TCC: And the making of it?

RBI: The process of completing the cake really starts months in advance with the planning, It’s just like the Israeli army, you make plans and a lot of lists and sketches. We would sketch in a mechanical way, not for the clients to see, but with measurements, and there’s a few things that can be made in advance: the poles and all that can be made in advance, we have a separate workshop for non edibles, and then sugar decorations are better made weeks and weeks in advance when you’re calm and you can do a quantity.

TCC: How long do they last?

RBI: They last forever, with us they last for a few weeks but you can, we save things. I used to save my teacher’s flowers but we shuffle them around, but some of them are really old. We see from our clients that most of them like to save the top tier for their first anniversary, so they keep all the sugar flowers and they send us videos and photos a year later and they’re perfect, so it’s quite amazing. But sugar is a natural preservative so when it’s dry, unless there’s moisture, it will last technically forever.

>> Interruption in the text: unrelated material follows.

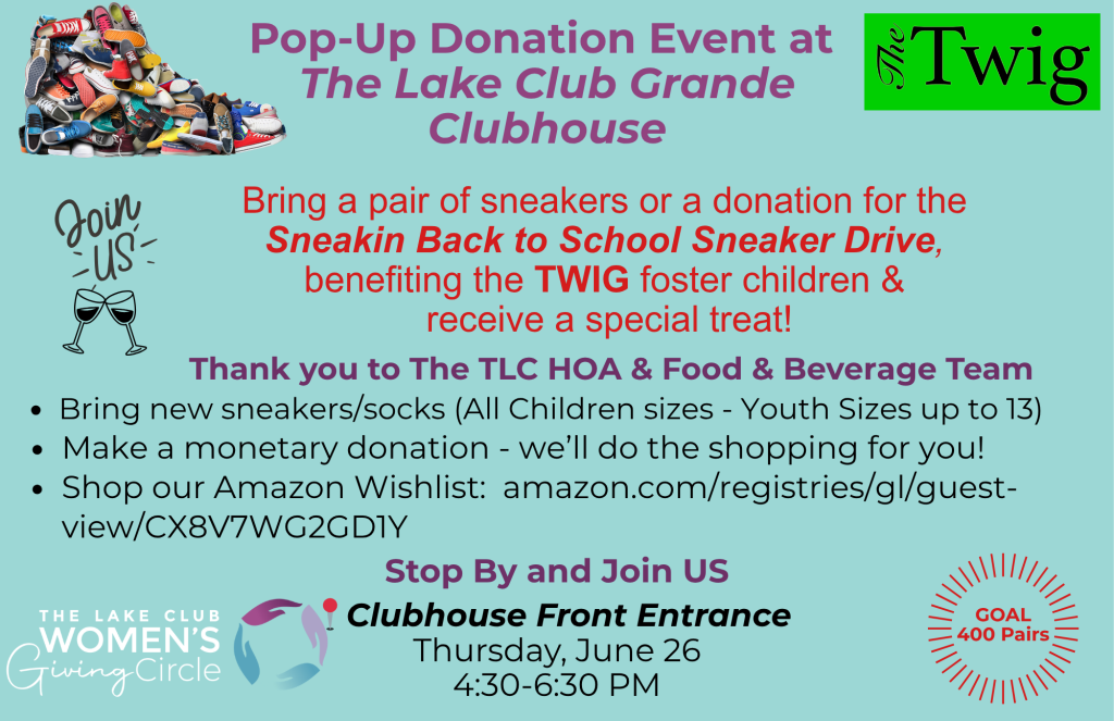Bring a pair of sneakers of donation for the Sneakin Back to School Sneaker Drive benefiting the TWIG foster children and receive a special treat!

So we do all those things in advance, then in the beginning of the week we will do things that can last for weeks and weeks as long as they’re refrigerated: buttercream, reduce the fruit purees until the raspberry is like a compound, it’s really thick. We would make syrups, we would toast nuts, chop things. Then you can start baking the cake. If you have a good, professional formula, you can start baking the cake layers in advance if necessary, we don’t really need to. And then the assembly takes about two days with the idea that we have a 24 hour window, so towards Thursday and Friday is the crunch time. We refrigerate everything, so all the stages in different refrigerations. You have moist refrigeration for the cake layers, and then when the cake is covered in buttercream, fondant and decorated it goes to a dry walk in refrigerator so it doesn’t sweat. Then it gets crated, labeled and goes out.

TCC: What are your favorite flavors that you guys do or what are the best sellers?

RBI: My favorite flavors are totally different than what are the best sellers. So my favorite cake is green tea cake with candied ginger buttercream. Nobody likes it, but they allow themselves to, they do it for me for my birthday. The most popular cake flavors are chocolate and vanilla cake, split down the middle, a lot of people combine the two. For buttercream, the most popular flavors are salted caramel and just chocolate. We use Valrohna dark chocolate. We actually get a very specific and we have collaborations. Our classes are also in collaborations with Valrhona and they bring their chefs here and they teach the inside of the cake.

TCC: So how many flavors do you show at a tasting?

RBI: At a tasting, I think we have 16 or 18 different things. Here’s the issue: we have a huge range but we learned not to give a list to the clients because they would choose a hundred and fifty to taste, which is impossible, it’s like an ice cream parlor, we have to narrow it down. And then they would taste things that they love but, too bad that I cannot serve it. Why are vanilla and chocolate the most popular? Because they’re recognizable. For years, I did a lot of cakes with nuts, almond and pistachio. Everybody who tastes them loves them, but recently they haven’t ordered because they’re afraid of allergies. Then we have seasonal things also, like a spice cake for the fall, a citrus cake for the summer, but you’d be amazed, even though people devoured them they’re still apprehensive because they have to serve a large number of people.